17 марта – 17 апреля, 2015
Художник Никита Алексеев – личность легендарная. Он начинал в 1970-е в самой гуще московского андеграунда и в анналах московского концептуализма занимает основательное место. «Поездки за город» в составе «Коллективных действий» и галерея APTART (в собственной однокомнатной квартире), «симуляционная музыка» «Среднерусской возвышенности» и безумные перформансы «Поп-механики», семь лет французской эмиграции и почти десять – заведования отделом культуры газеты iНОСТРАНЕЦ, тексты об искусстве во множестве изданий и две собственных книги – это далеко не полный перечень его достижений. Есть же ещё и бесконечные выставки, и работы в музеях и частных коллекциях (от Третьяковской галереи и Музея современного искусства Оклахома Сити, до собрания графа и графини Ламбсдорф в Бонне).
Его новая выставка открылась в галерее «Пересветов переулок», продолжающей славные традиции выставочного зала, который родился в перестроечном 1986-м. Там проходили акции и перформансы вырвавшегося из подполья неофициального искусства, собрания клуба авангардистов «КЛАВА» и «Ордена куртуазных маньеристов», там начинали многие нынешние корифеи. Никите Алексееву выпало начать рассчитанную на несколько лет программу «Только бумага», которую придумали Лариса Гринберг и Елена Селина, кураторы «Пересветова переулка» и «XL Projects». Она посвящена бытованию рисунка, рисования в contemporary art и обещает показывать художников разных поколений, стилей и подходов в самых новых работах.
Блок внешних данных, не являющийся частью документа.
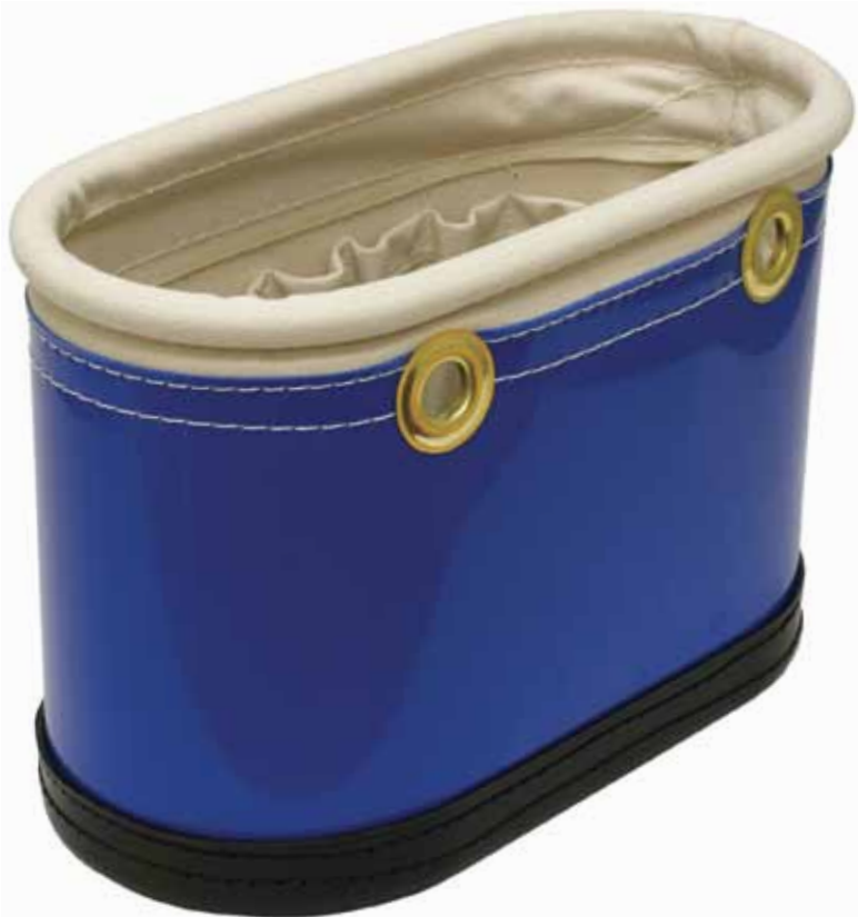
1820-HB 15" L X 7" W X 9" H

This oval bucket features reinforcing Hard Body plastic on all sides to keep the bucket rigid, as well as 15 inside tool pockets for organization. It hangs on the aerial lift with attachment hooks. There is a PVC ring in the top to shape the opening as with all Estex oval buckets. Holes for attachment hooks are reinforced with brass grommets, and the base of the bucket is built from sturdy plastic with built in drainage holes.

Никита Алексеев – фигура, идеально попадающая в заявленные рамки. Мало того что он профессиональный графический дизайнер (у него за плечами отделение промышленной графики и рекламы Училища памяти 1905 года и три курса Полиграфического института), именно рисование вернуло его после долгого перерыва к художественной практике в самом начале XXI века. Он любит и умеет рисовать, а это довольно редкое качество в современном художественном процессе. Он вообще умеет очень многое, но самое главное – он знает секрет, как с помощью самых простых средств рассказывать замысловатые истории.
В продолговатом светлом зале три стены заняты небольшими альбомными листами под стеклом. Они висят в одну линию ровно и ритмично. Четырнадцать групп – по семь на длинных стенах и две в торце. Рам нет, они и не нужны – художник со всем справился сам. На листах овощи и фрукты, по парам. Между каждыми двумя – настоящий живой плод-прототип. Плод привязан к нитке, а нитка, натянутая как струна, держится на гвозде, вбитом в стену. Плоды на листах тоже висят на нитке в голубом просторе. Только где тот гвоздь – тайна. Рисунки пером и акварелью точные, экономные. Нарисованные рамки сдерживают воздушное пространство внутри – воздуху много всё равно. Рамки разнообразно и ритмично раскрашены. Внизу листа текст – каждый плод назван, по-русски и на латыни. Овощи и фрукты чередуются – снова ритм, зачем-то нужный автору. Рисунки интересно разглядывать, в них много внимательного наблюдения. Блики, хвостики, поры, пятнышки, червоточины, ворсинки, завитушки, узелки. И небо.
У этих рисунков много родственников – и многочисленные ботанические атласы позднего Средневековья и Нового времени, и натюрморты испанского барочного живописца Котана (любителя подвешивать снедь на веревках), и, конечно, альбомы родоначальников московского концептуализма – Ильи Кабакова и Виктора Пивоварова. Хорошая родословная ещё никому не мешала.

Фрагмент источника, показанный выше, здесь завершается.